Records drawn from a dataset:
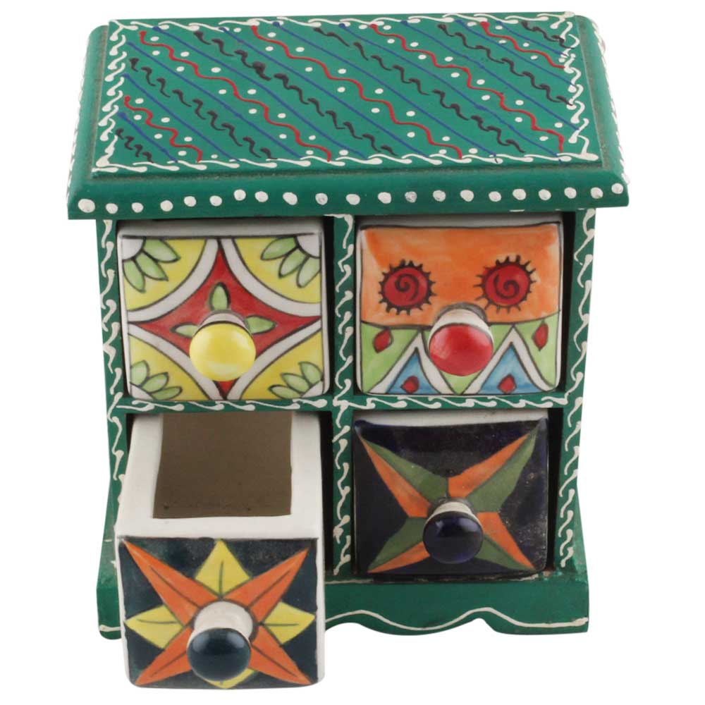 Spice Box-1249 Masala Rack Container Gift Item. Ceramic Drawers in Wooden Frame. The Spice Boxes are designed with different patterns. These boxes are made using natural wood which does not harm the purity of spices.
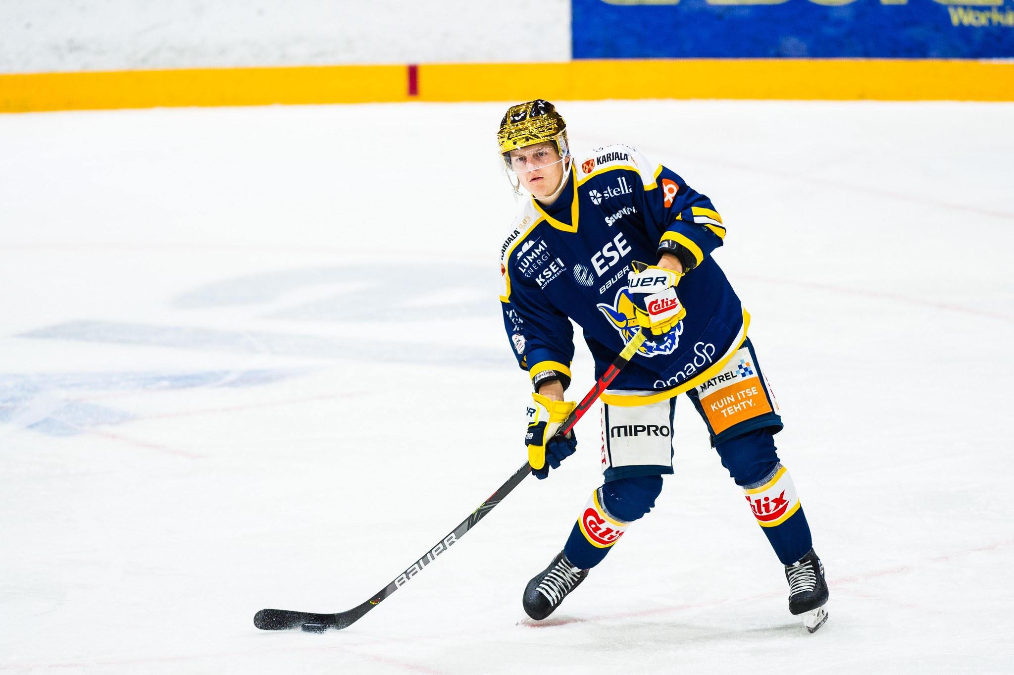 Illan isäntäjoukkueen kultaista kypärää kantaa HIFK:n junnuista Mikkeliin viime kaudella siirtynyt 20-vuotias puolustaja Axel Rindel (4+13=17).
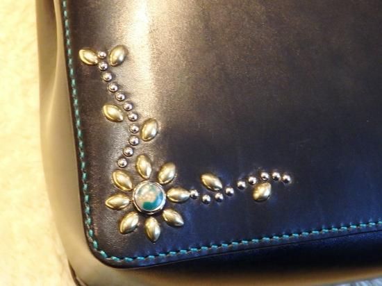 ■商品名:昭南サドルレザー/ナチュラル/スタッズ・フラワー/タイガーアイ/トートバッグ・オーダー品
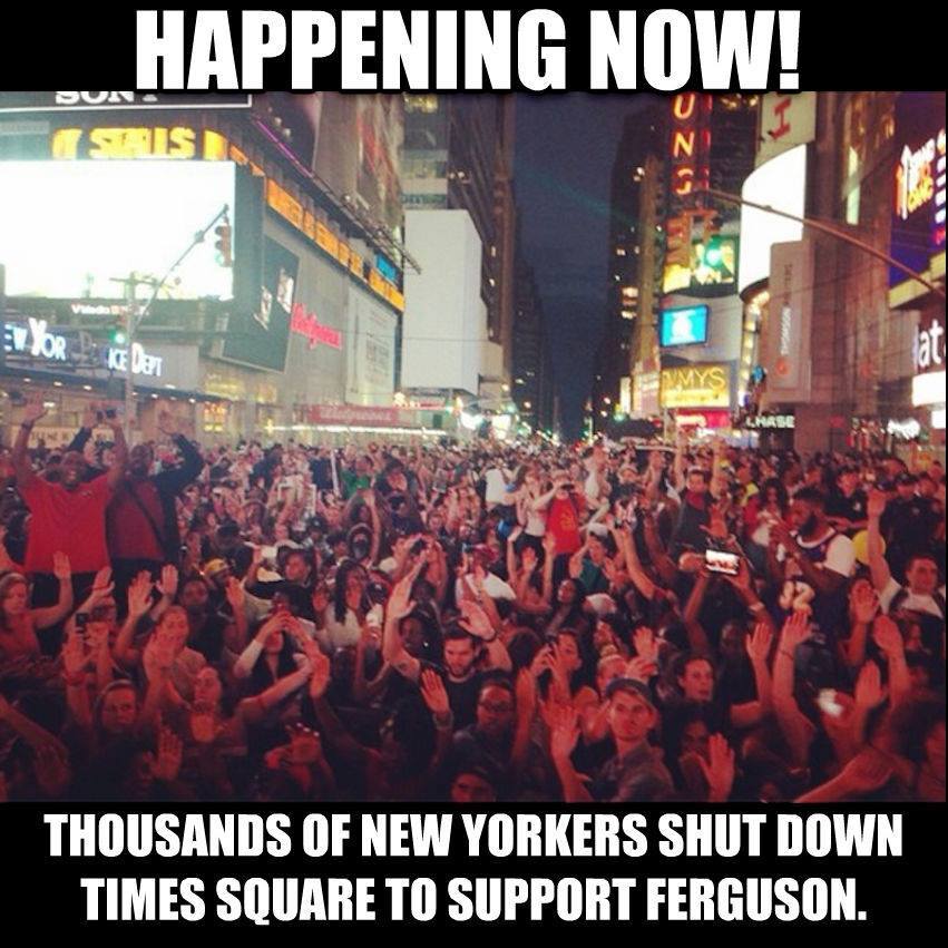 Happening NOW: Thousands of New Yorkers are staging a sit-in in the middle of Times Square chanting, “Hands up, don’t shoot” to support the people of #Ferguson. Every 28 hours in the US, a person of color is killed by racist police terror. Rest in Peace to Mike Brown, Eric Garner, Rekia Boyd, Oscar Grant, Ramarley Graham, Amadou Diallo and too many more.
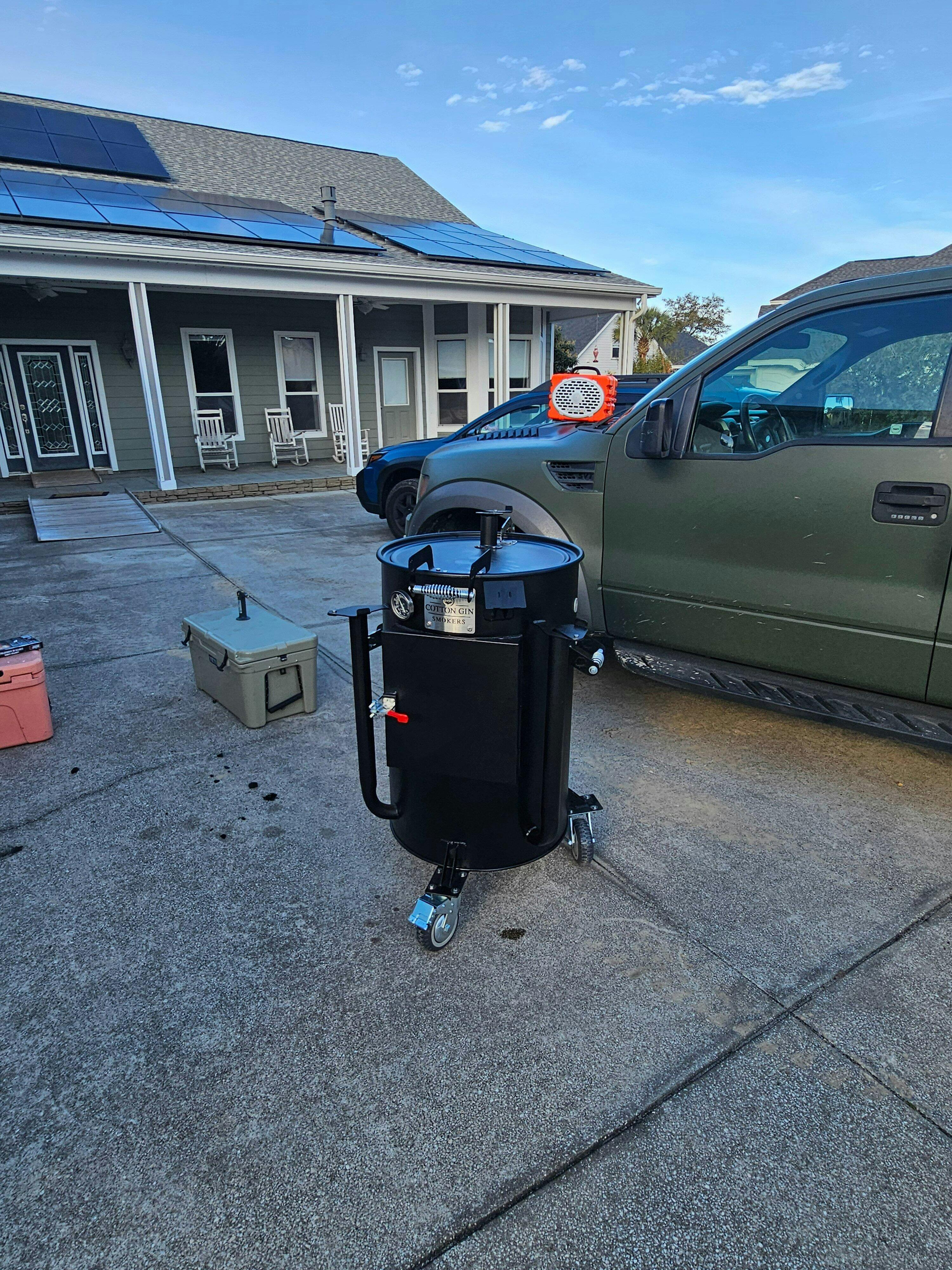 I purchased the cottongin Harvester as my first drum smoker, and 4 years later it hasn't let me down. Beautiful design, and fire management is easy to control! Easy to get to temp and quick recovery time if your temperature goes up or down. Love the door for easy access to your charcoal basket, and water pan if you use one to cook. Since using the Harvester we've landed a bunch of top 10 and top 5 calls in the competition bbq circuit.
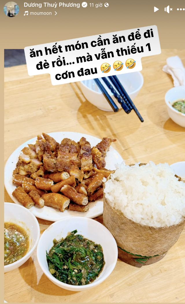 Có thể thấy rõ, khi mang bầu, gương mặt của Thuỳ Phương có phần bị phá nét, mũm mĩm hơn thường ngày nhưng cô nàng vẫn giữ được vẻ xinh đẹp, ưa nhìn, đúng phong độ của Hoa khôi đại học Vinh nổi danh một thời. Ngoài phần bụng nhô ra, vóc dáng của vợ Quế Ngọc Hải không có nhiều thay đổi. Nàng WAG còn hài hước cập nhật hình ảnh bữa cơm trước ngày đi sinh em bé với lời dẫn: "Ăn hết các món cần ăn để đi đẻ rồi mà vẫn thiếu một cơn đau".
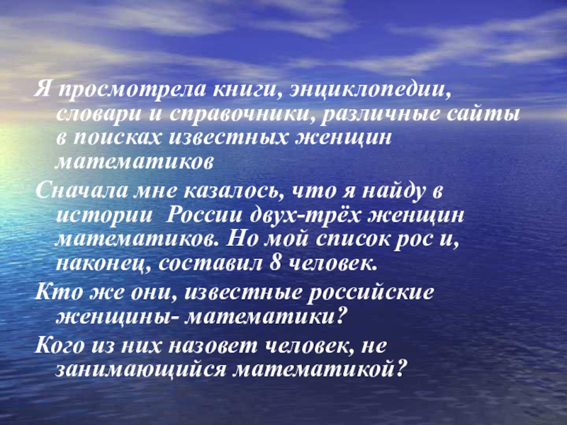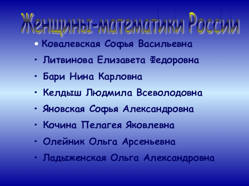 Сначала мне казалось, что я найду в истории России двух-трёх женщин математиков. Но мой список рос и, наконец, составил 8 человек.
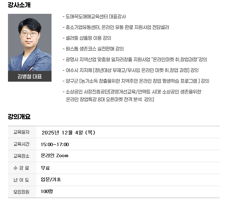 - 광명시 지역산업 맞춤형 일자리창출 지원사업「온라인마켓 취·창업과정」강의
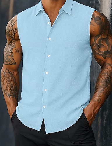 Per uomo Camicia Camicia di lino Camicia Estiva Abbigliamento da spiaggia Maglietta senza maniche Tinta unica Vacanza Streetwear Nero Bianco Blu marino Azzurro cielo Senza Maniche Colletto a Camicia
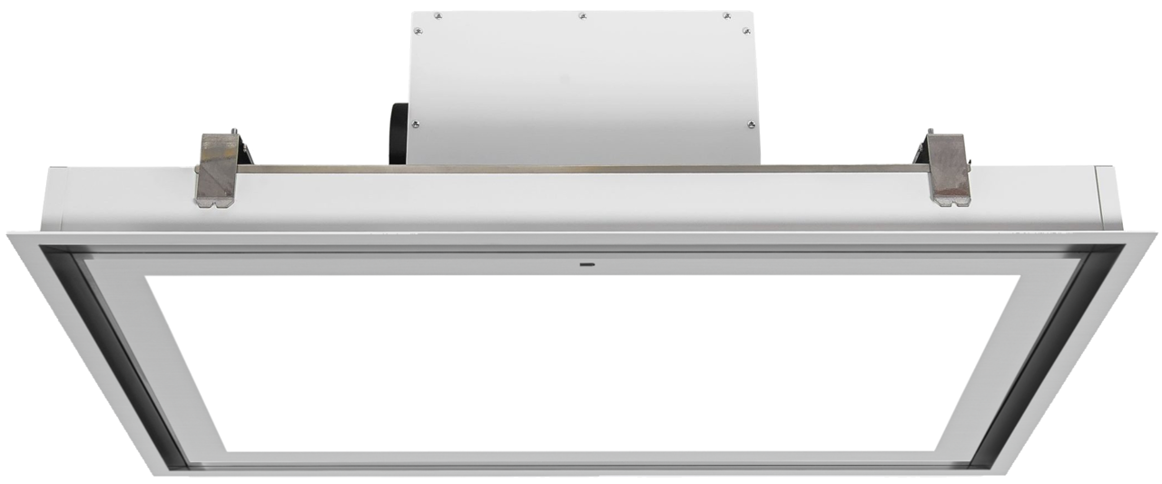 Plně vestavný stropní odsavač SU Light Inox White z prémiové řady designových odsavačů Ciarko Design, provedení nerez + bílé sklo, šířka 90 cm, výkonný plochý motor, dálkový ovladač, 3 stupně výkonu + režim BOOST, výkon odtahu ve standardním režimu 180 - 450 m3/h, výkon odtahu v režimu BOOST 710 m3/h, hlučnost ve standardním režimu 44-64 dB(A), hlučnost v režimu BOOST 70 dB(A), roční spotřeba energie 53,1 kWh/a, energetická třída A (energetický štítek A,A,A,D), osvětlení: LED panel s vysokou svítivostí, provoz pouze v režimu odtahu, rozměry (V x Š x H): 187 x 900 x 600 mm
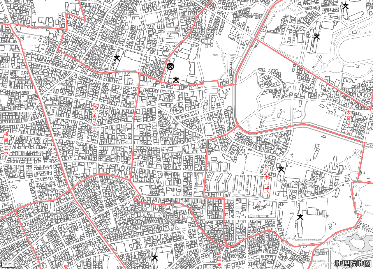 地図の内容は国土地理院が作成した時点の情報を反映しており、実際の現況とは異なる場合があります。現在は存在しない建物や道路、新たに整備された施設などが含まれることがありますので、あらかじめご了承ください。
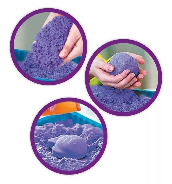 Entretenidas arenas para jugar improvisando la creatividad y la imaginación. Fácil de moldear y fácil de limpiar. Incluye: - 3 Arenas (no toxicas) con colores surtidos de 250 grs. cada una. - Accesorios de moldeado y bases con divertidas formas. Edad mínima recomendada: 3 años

Exercise: After locating the line containing "- 광명시 지역산업 맞춤형 일자리창출 지원사업「온라인마켓 취·창업과정」강의" in the entries above, return it and every line after it exactly, ending at the line containing "Per uomo Camicia", without pictures.

Response below:
 - 광명시 지역산업 맞춤형 일자리창출 지원사업「온라인마켓 취·창업과정」강의
 Per uomo Camicia Camicia di lino Camicia Estiva Abbigliamento da spiaggia Maglietta senza maniche Tinta unica Vacanza Streetwear Nero Bianco Blu marino Azzurro cielo Senza Maniche Colletto a Camicia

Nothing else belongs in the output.